メロディが先か、コード進行が先か?:その2

作曲

前回に続いて、メロディから作曲することのデメリットについて見ていきます。

【メロディ先のデメリット②:正しい小節展開ができない場合がある】

基本的に音楽は、4小節あるいは8小節で推移します。
※場合によっては1小節程度延びることがあります

ただしメロディから作る方は、6小節のメロディになっていたり、7小節のメロディになってしまうことがあります。
※意図として6小節や7小節で終わるなら別にこれでも構いませんが

頭の中でメロディを組み立てているので、そのメロディが何小節になっているかまではあまり意識していないようです。

しかし、コードから作曲するとどうでしょうか?
4小節分、あるいは8小節分のコードを最初に並べて、それにメロディを付ければ、絶対に6小節や7小節といった中途半端な小節にはなりません。

足りなければところどころフレーズを付け足せばよいですが、多ければどこかを削除すればよいだけです。

4小節目あたり、8小節目あたりできっちりメロディを終わらせることができます。



【メロディ先のデメリット③:メロディの終着点が見えない】

音楽には「終止感」というものが必要になります。
「終止感」は『音楽が終わった』と容易に感じ取れることです。

しかし、メロディから作る方はあまりこの終止感は意識されず、メロディの最後になっても、いまいち終わったような感じがしない・音楽の途中で終わったようなメロディを作ってしまうことがあります。

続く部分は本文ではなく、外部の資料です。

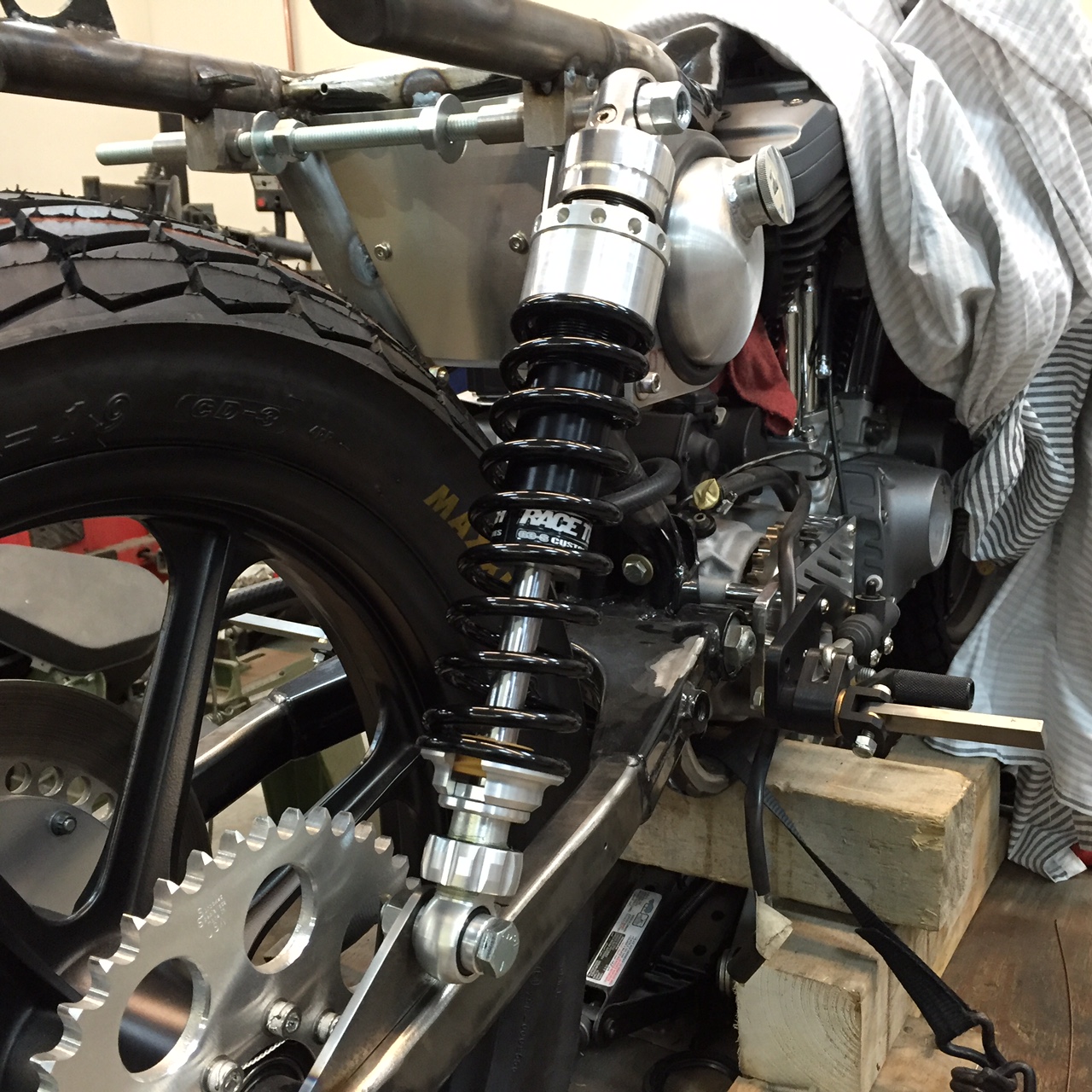 On the recommendation of Master Street Tracker builder Richard Pollock (Mule Motorcycles founder for those of you that have been living under a rock) I made two jigs/tools to help position the shocks. The first is a simple aluminum rod bored and threaded at each end (one end a reverse thread) with heim joints at each end……pretty much a mini tie rod, turn the rod one way it lengthens, other way it shortens. If you have mounts already on the bike this will allow you to mess around with proper stance and give you the correct shock length you’ll need to order. In my case, I already had a set of custom Race Tech shocks, so I set this rod to the eye to eye length of the shocks and this helped position the mounts for tacking into position (and really saved me banging up the beautiful Race Techs while messing with position).
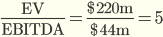 Applying the formula, the company has an EV/EBITDA ratio of 5:
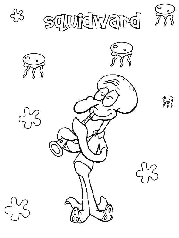 Сквідворд грає на дудці. Раскраска Сквідворд, дудка, розмальовки завантажити бесплатно онлайн
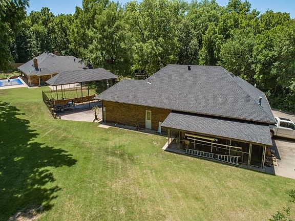 Look no further for your spacious dream home with acreage, shop, storage, and pool. 4392 SF (m.o.l.) home has 5 beds, 5 baths, 4 LA's, 3 fireplaces and hardwoods. 2505 SF (m.o.l.) shop building has sink, toilet, att. garage with 3 single and one double garage door, shelving and upstairs storage. Also on property is paved carport with electric, water, and septic hookups for 5th wheel/motor home. Home has 3 H/A units, storm shelter, Generac generator and sits on 2.43 (m.o.l.) acres at the end of a cul-de-sac.
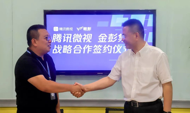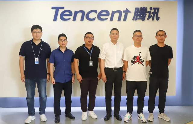 騰訊PCG微視內(nèi)容總監(jiān)耿小勇、金彭集團(tuán)總裁劉志培簽約相關(guān)領(lǐng)導(dǎo)在簽約現(xiàn)場合影留念
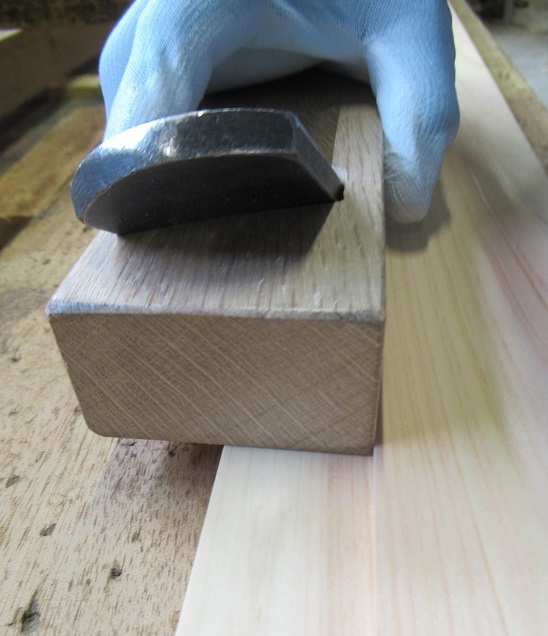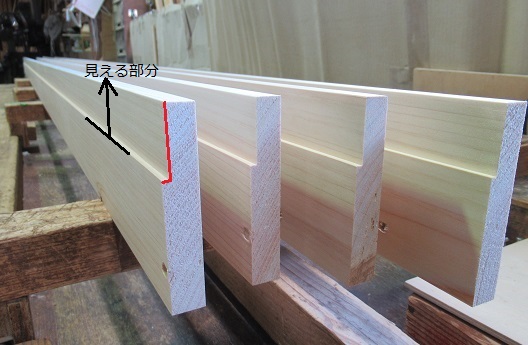 寸法に加工した後、しゃくりを入れて仕上げるのですが、機械で仕上げれない赤い線で示した部分は、きわガンナという隅まで削れるカンナを使って、手で仕上げています。

何とか終止感を出そうとするため、ダラダラと無駄に音が続いたり、②にも関連してそれに伴って小節展開も変になってしまいます。

また、終止感と調は密接に関連していますので、調が自分でもよく分かっていないと、終止感のあるメロディは作れません。


しかし、コードから作れば、最初にコードを配置するので、どこで(何小節目で)終わらせるべきかが明確になります。

また、調も明確になるので、終わらせ方もある程度わかりやすくなります。
※基本的に音楽は、その調の1番目の音で終わらせることが多いです




以上、メロディから作るデメリットと、コード進行から作るメリットを見てきました。

コード進行はある意味音楽の「枠」です。
最初に枠を決めておけば、使う音や小節の長さもガッチリ決まります。

パズルと一緒で最初に外枠を作ってから中身へ進むようにした方が、意識しなければならないポイントが少なくなります。

コード進行から作曲する経験を増やしていけば、調や小節数、終止感といったものは特に意識しなくても、形式に沿ったものに仕上げていくことができますので、まずはコード進行から作曲する経験を増やしていかれることを初心者の方にはお勧めします。